Problem to solve: This task calls for the lines below starting at the one containing "Сера, особенно порошкообразная, обладает" and ending at the one containing "On Saturday afternoon, it", repeated exactly with both ends kept and pictures left out.

Records for the exercise:
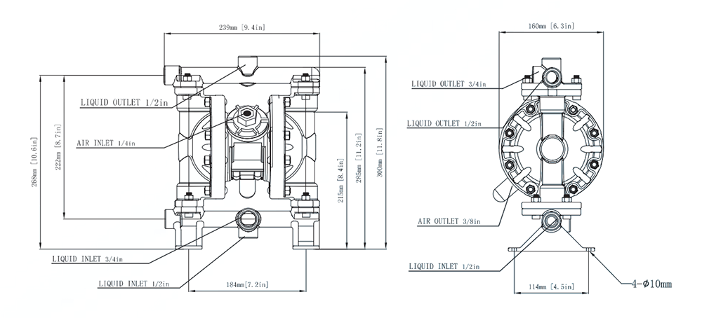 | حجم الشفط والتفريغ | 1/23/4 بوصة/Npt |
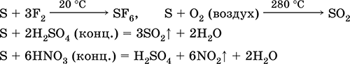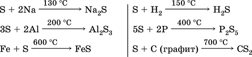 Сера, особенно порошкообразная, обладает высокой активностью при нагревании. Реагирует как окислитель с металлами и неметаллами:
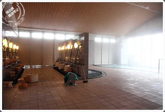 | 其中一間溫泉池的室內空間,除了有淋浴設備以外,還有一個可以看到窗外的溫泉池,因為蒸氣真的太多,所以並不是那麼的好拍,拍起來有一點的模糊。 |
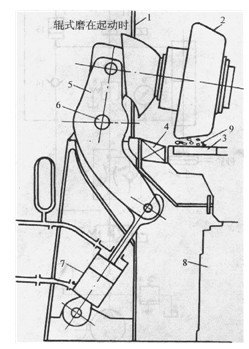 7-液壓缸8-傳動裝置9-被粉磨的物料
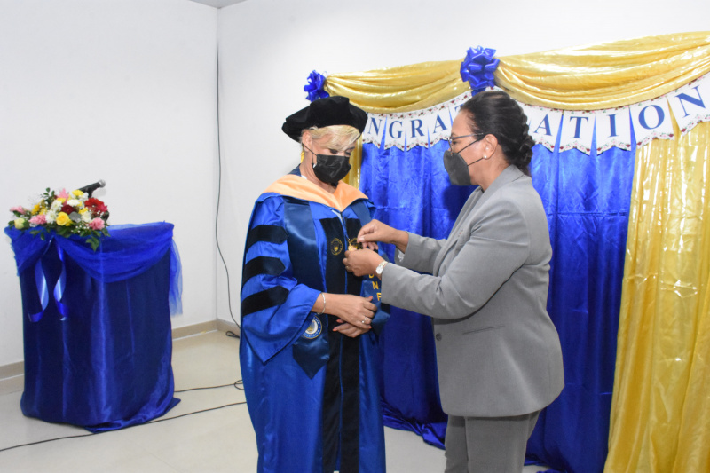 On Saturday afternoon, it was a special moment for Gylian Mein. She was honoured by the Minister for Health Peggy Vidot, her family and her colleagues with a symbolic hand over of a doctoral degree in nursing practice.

==

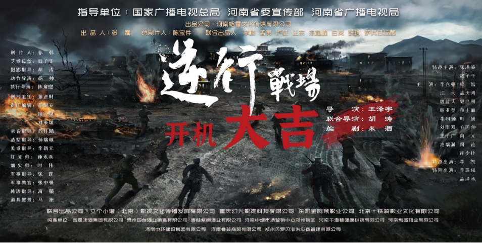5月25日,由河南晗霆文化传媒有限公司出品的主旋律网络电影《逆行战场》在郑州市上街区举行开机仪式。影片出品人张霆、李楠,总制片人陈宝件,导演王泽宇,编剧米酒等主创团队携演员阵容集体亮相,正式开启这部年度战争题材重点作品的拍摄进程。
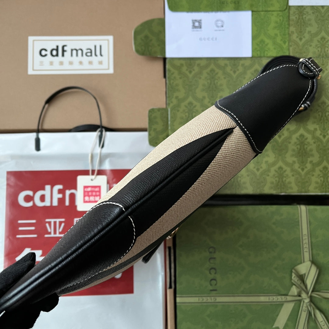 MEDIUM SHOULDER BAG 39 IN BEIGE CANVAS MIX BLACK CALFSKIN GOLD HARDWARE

Written response:
 Сера, особенно порошкообразная, обладает высокой активностью при нагревании. Реагирует как окислитель с металлами и неметаллами:
 | 其中一間溫泉池的室內空間,除了有淋浴設備以外,還有一個可以看到窗外的溫泉池,因為蒸氣真的太多,所以並不是那麼的好拍,拍起來有一點的模糊。 |
 7-液壓缸8-傳動裝置9-被粉磨的物料
 On Saturday afternoon, it was a special moment for Gylian Mein. She was honoured by the Minister for Health Peggy Vidot, her family and her colleagues with a symbolic hand over of a doctoral degree in nursing practice.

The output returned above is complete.